+++ Provided entries

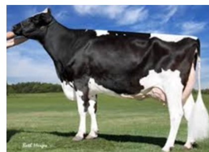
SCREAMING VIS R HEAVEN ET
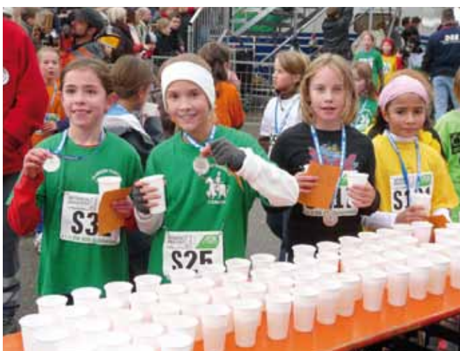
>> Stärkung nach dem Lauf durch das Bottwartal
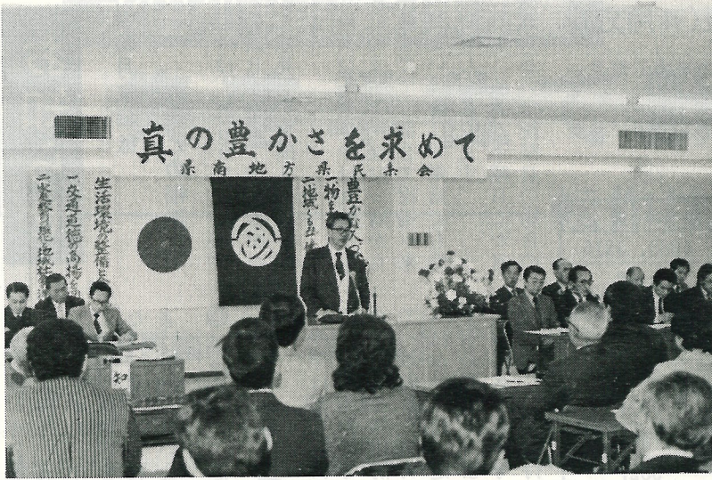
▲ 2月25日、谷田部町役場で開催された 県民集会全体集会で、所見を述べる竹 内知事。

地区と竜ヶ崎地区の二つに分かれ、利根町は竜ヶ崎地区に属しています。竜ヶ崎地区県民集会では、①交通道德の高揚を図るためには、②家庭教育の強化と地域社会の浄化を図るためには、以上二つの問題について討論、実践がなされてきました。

++++++
+++ Provided entries

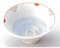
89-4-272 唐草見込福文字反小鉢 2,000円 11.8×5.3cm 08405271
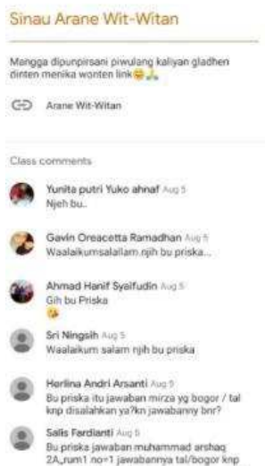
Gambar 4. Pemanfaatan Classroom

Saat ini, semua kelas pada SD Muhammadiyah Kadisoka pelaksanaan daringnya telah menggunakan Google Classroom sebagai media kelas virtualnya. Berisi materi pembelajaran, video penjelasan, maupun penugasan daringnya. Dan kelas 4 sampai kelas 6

++++++

• _The problem_: Within these entries, output exactly the lines starting at the one with "SCREAMING VIS R HEAVEN ET" and finishing at the one with "地区と竜ヶ崎地区の二つに分か". Leave pictures out of the output.

• _Exercise response_:
SCREAMING VIS R HEAVEN ET
>> Stärkung nach dem Lauf durch das Bottwartal
▲ 2月25日、谷田部町役場で開催された 県民集会全体集会で、所見を述べる竹 内知事。

地区と竜ヶ崎地区の二つに分かれ、利根町は竜ヶ崎地区に属しています。竜ヶ崎地区県民集会では、①交通道德の高揚を図るためには、②家庭教育の強化と地域社会の浄化を図るためには、以上二つの問題について討論、実践がなされてきました。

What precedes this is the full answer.